The basic usage of learning rate auto scaling is as follows.
python tools/train.py \
${CONFIG_FILE} \
--auto-scale-lr \
[optional arguments]
If you enabled this feature, the learning rate will be automatically scaled according to the number of GPUs on the machine and the batch size of training. See linear scaling rule for details. For example, If there are 4 GPUs and 2 pictures on each GPU, lr = 0.01
, then if there are 16 GPUs and 4 pictures on each GPU, it will automatically scale to lr = 0.08
.
If you don't want to use it, you need to calculate the learning rate according to the linear scaling rule manually then change optimizer.lr
in specific config file.
We provide tools/train.py
to launch training jobs on a single GPU.
The basic usage is as follows.
python tools/train.py \
${CONFIG_FILE} \
[optional arguments]
During training, log files and checkpoints will be saved to the working directory, which is specified by work_dir
in the config file or via CLI argument --work-dir
.
By default, the model is evaluated on the validation set every epoch, the evaluation interval can be specified in the config file as shown below.

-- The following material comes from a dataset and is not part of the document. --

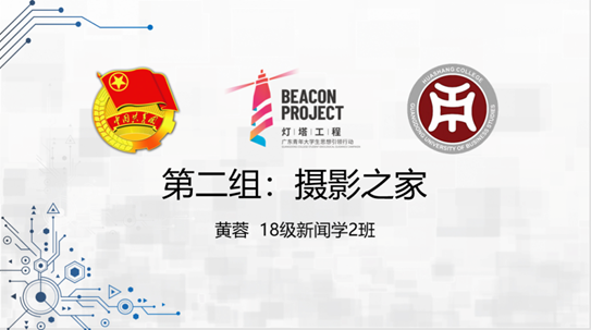 第二组:摄影之家,来自18级新闻学2班的黄蓉。黄蓉同学首先从开发技术支持方面以及安全技术方面下手。她表示一个好的app可以提升用户的使用体验,接着她提出了运营可行性的分析并分别介绍了前期、中期、中后期和后期的不同方案,以便让众多摄影爱好者可以获得更好的线上线下服务。

# evaluate the model every 12 epochs.
train_cfg = dict(val_interval=12)
This tool accepts several optional arguments, including:
--work-dir ${WORK_DIR}
: Override the working directory.--auto-resume
: resume from the latest checkpoint in the work_dir automatically.--cfg-options 'Key=value'
: Overrides other settings in the used config.The process of training on the CPU is consistent with single GPU training. We just need to disable GPUs before the training process.

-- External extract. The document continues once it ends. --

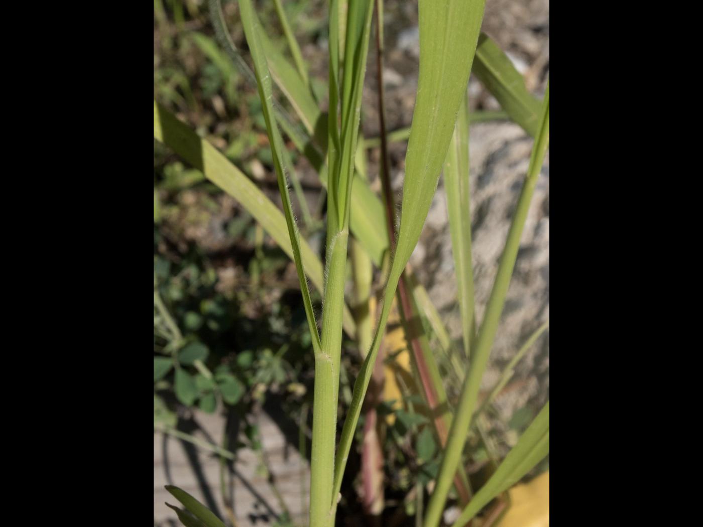 Les feuilles sont étroitement lancéolées et terminées en pointe. Elles mesurent souvent plus de 20 cm de longueur et de 1 à 2 cm de largeur. Le limbe est plat et se rétrécit à sa base, près de la ligule. De nombreux poils courts sont présents sur la face supérieure du limbe, parfois aussi sur la face inférieure. Les marges de la gaine sont munies de poils. La ligule est constituée d’une rangée de poils hérissés d’environ 2 mm de longueur.

export CUDA_VISIBLE_DEVICES=-1
And then run the script above.
Note:
We do not recommend users to use the CPU for training because it is too slow. We support this feature to allow users to debug on machines without GPU for convenience.
We provide tools/dist_train.sh
to launch training on multiple GPUs.
The basic usage is as follows.
bash ./tools/dist_train.sh \
${CONFIG_FILE} \
${GPU_NUM} \
[optional arguments]
Optional arguments remain the same as stated above.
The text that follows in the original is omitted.